邱・主任委員はまた、「中国は、台湾がいわゆる『92年コンセンサス(九二共識)』を受け入れ、それを『一つの中国原則』と定義しなければならないと主張している。我々はこの点について強調しなければならない。『92年コンセンサス』を受け入れるということは、台湾が中国の一部であり、中国統一の枠組みの一部であることを認めるに等しいということだ。 したがって、主権と民主主義の原則に基づき、台湾がそのような政治的条件を受け入れることはない」と強調しました。

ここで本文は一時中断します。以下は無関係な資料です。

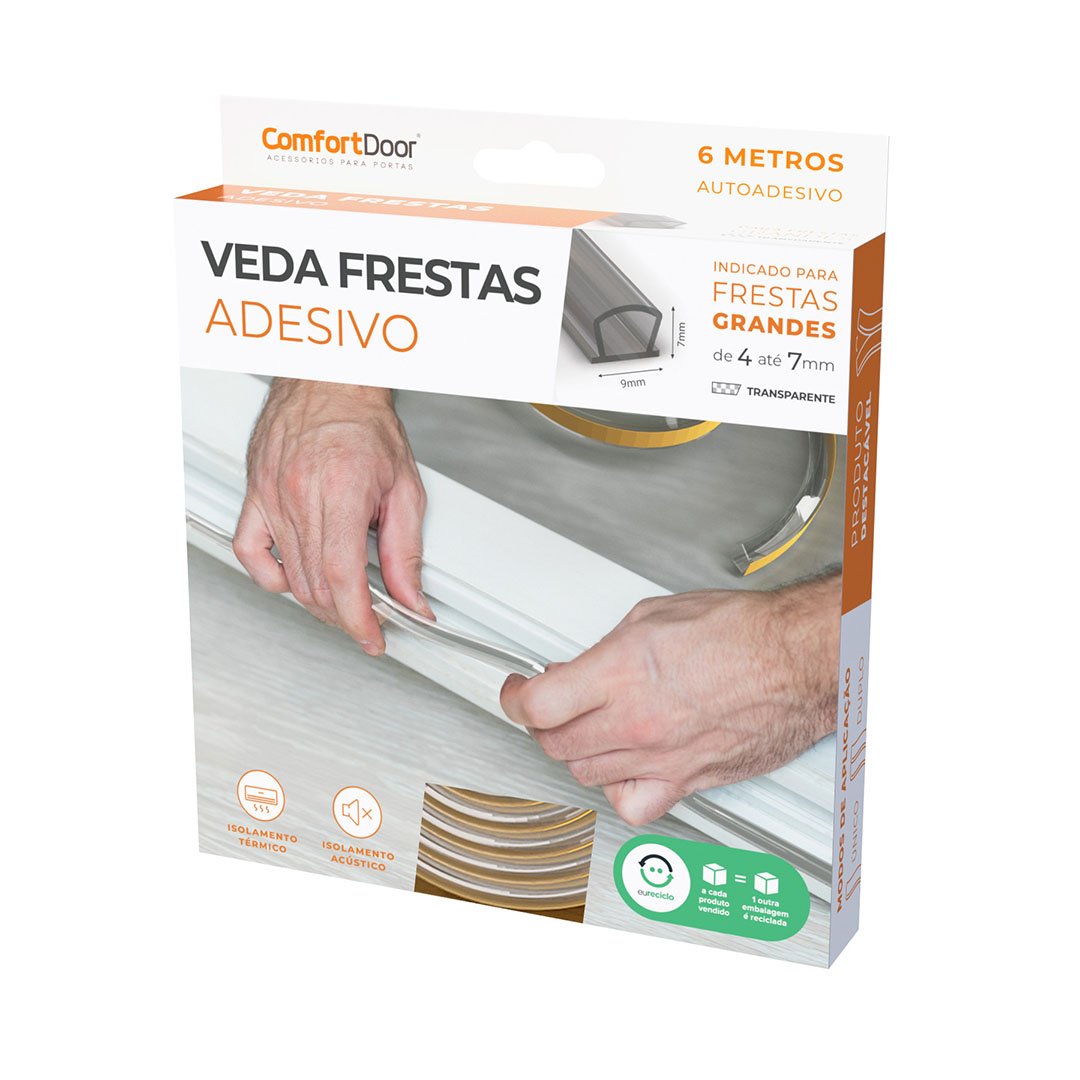 O produto é o Veda Frestas Adesivo Comfortdoor 7x9mm, TRANSPARENTE, com 6 metros.

邱・主任委員はさらに、「民主主義を守ることは我が国の最低ラインであり、台湾から自発的な挑発を行わず、紛争の勃発を避けることは台湾社会の共通認識である。そして、中国と台湾は互いに隷属しない関係にある。地域の平和的発展のために、北京当局と対等かつ誠実な対話ができることを望んでいる」と述べました。